The most suspenseful part of the whole project for me was when I used the Cerbo GX to connect the Multi Plus inverter charger to the new Epoch batteries.  After a bit of searching, I found the menu item: “enable external BMS control” I moved the switch, and it worked!

In my next post I will go into some detail about how the charging of this system works, and how excited I am about combining new AI technology with the Cerbo GX to finally allow the kind of custom, personalized, system control I have always dreamed about.

Many Good Options

I continue to be focused on upgrading and refining my design of battery systems.

Right now lithium batteries are very appealing but maybe you’re not quite ready. 

You may want to wait just a little bit longer, since the price is coming down and improvements are being made, on what seems like an almost monthly basis.

If you are ready to jump all in with a new lithium battery system for your boat then I would say: go for it!  I have been not only installing systems, I have also been consulting for customers who are installing new lithium battery systems themselves.  I help with the obvious things like safe fusing, external regulation of alternators, navigating battery monitoring systems.  Also some of the things that might not be obvious at first like back up procedures for batteries that can literally “shut off” zero volts, open circuit.

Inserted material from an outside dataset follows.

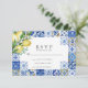 This elegant wedding RSVP/response/reply card features a white background with blue Mediterranean tiles and lemons/citrus in watercolor. Personalise it for your needs. You can find matching products at my store.
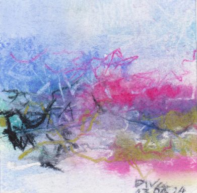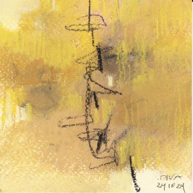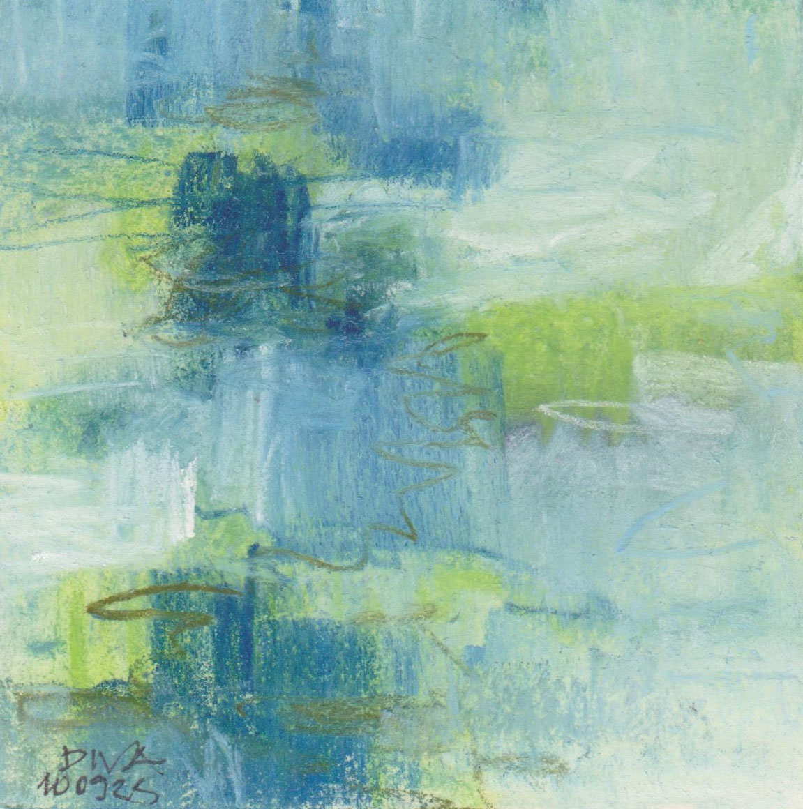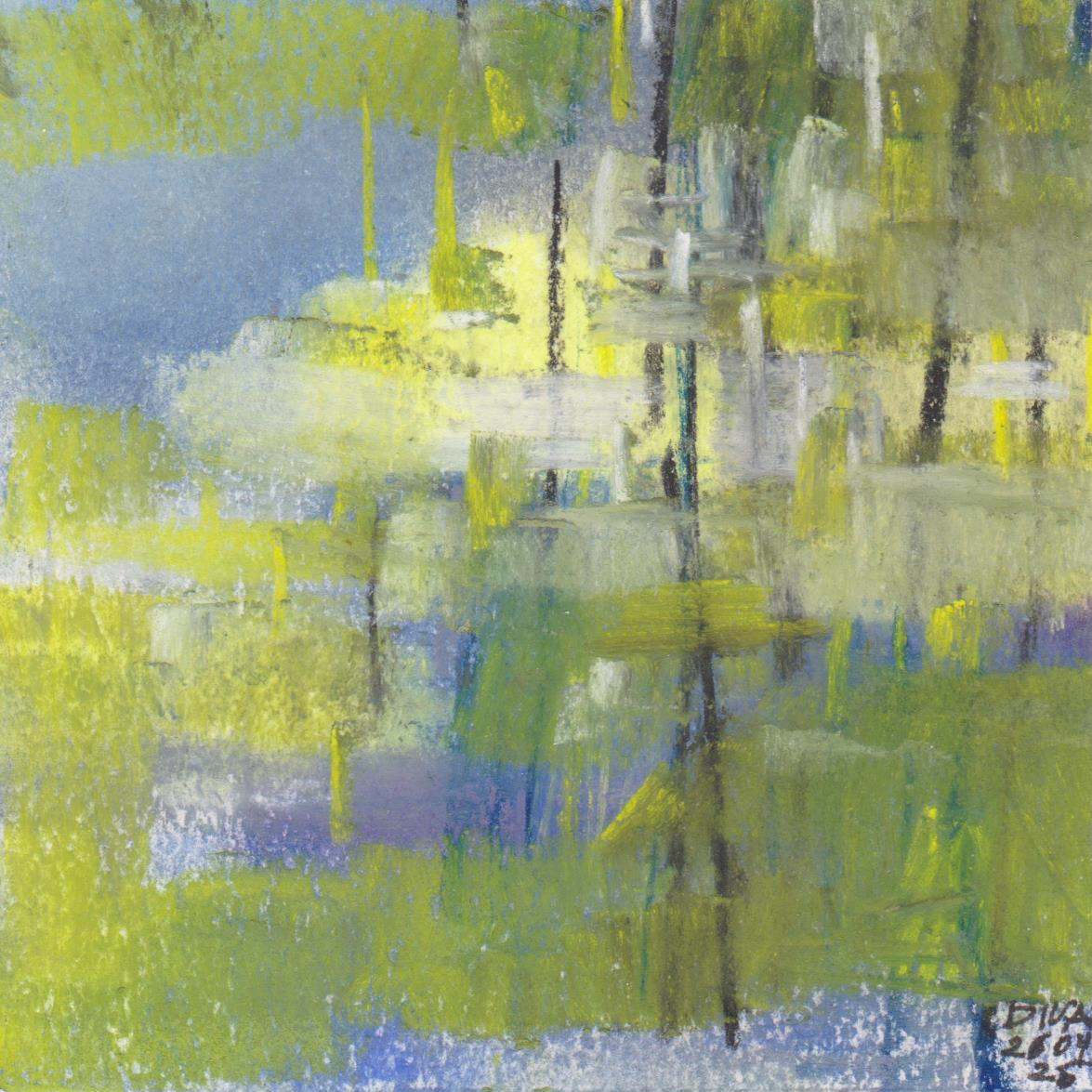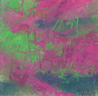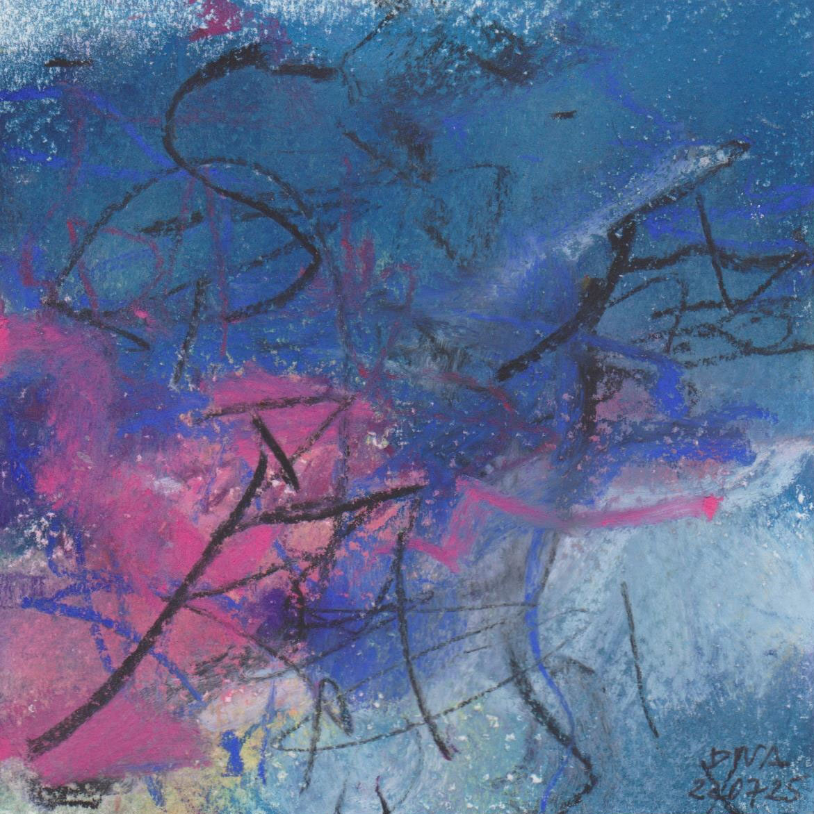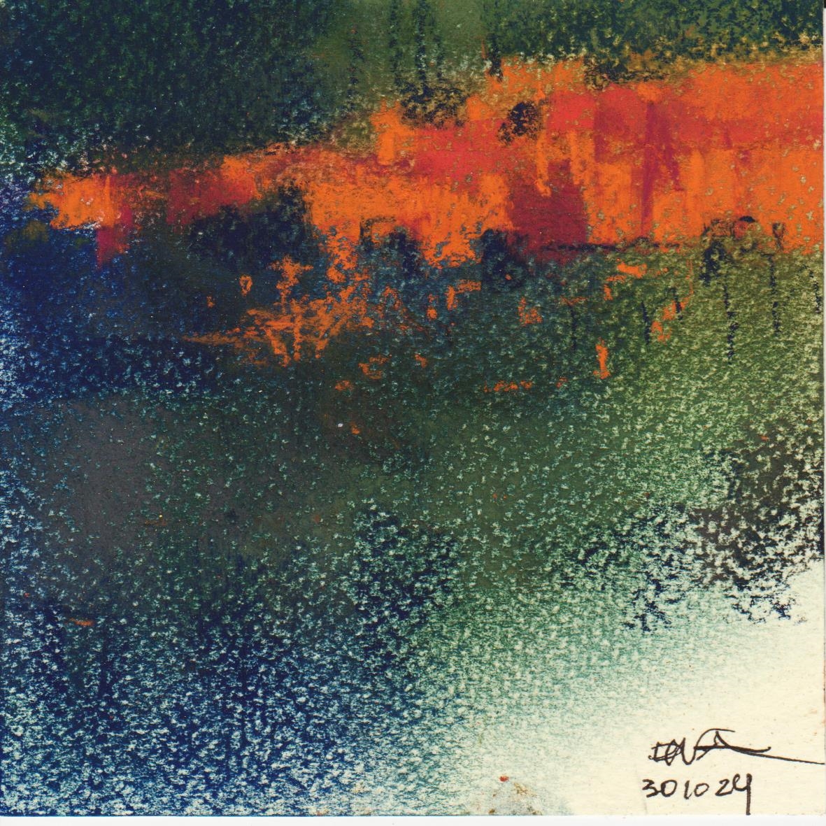 Diary 10×10 is an ongoing, process-driven series in which the artist creates one 10×10 cm pastel work each day. Each piece functions as a distilled record of that day’s atmosphere—capturing shifts in mood, memory, and gesture within a compact visual field. Through repetition and daily discipline, the series forms an evolving archive of presence. Subtle shifts in colour, texture, and movement trace both the continuity and the ongoing transformation of the artist’s practice. Viewed together, these small works form a cumulative visual narrative that traces the progression of time and thought.

What then?  I help with making a plan to avoid the danger of combining a lithium battery with standard batteries that are two far apart in state of charge to be safely put into parallel.  It is often the “what if ” scenarios that I find challenging to solve, but also enjoyable when I do find that elegant and simple solution. 

When AGM batteries are still the right choice, I take a few simple design steps to make sure the work I do will make the system lithium compatible for the next round.  And I have found that the features that make the system lithium compatible work great for an AGM system also.

Some examples are:

1) Use the engine alternators for the start batteries and add a separate new alternator for the house bank.  Externally regulate the new alternator.

2) Now that you have a dedicated house bank alternator and start battery alternator(s) eliminate charging relays and battery isolators completely from your system.

3) If possible use high quality multi purpose batteries for the house bank.  (This could be a whole other discussion), but for our purposes here I am preparing for a lithium bank in the future that will be able to run my thrusters, windlass, davit and provide high DC amp discharge rates from the batteries for my inverter, and a fast charging rate.

4) Wire each new battery in the new house bank to a dedicated positive and negative buss bar with wires that are the exact same length.  

5) Put in a heavy duty DC negative shunt between the battery DC negative buss bar and the system DC negative buss bar.  Make it all heavy enough to carry your thruster, davit, and windlass loads. This is for your battery monitor.

I hope this offers insight into what I prioritize in a new battery system. Notice I did not mention a new inverter/ charger.  It is tempting to run out and buy the latest inverter and think you are going to install that new box on the bulkhead and instantly have a lithium compatible system.  Not true.  It’s important, but it’s way down the list.  Any good battery system requires careful thought put into the distribution, switching, fusing, and how charging sources are going to be integrated.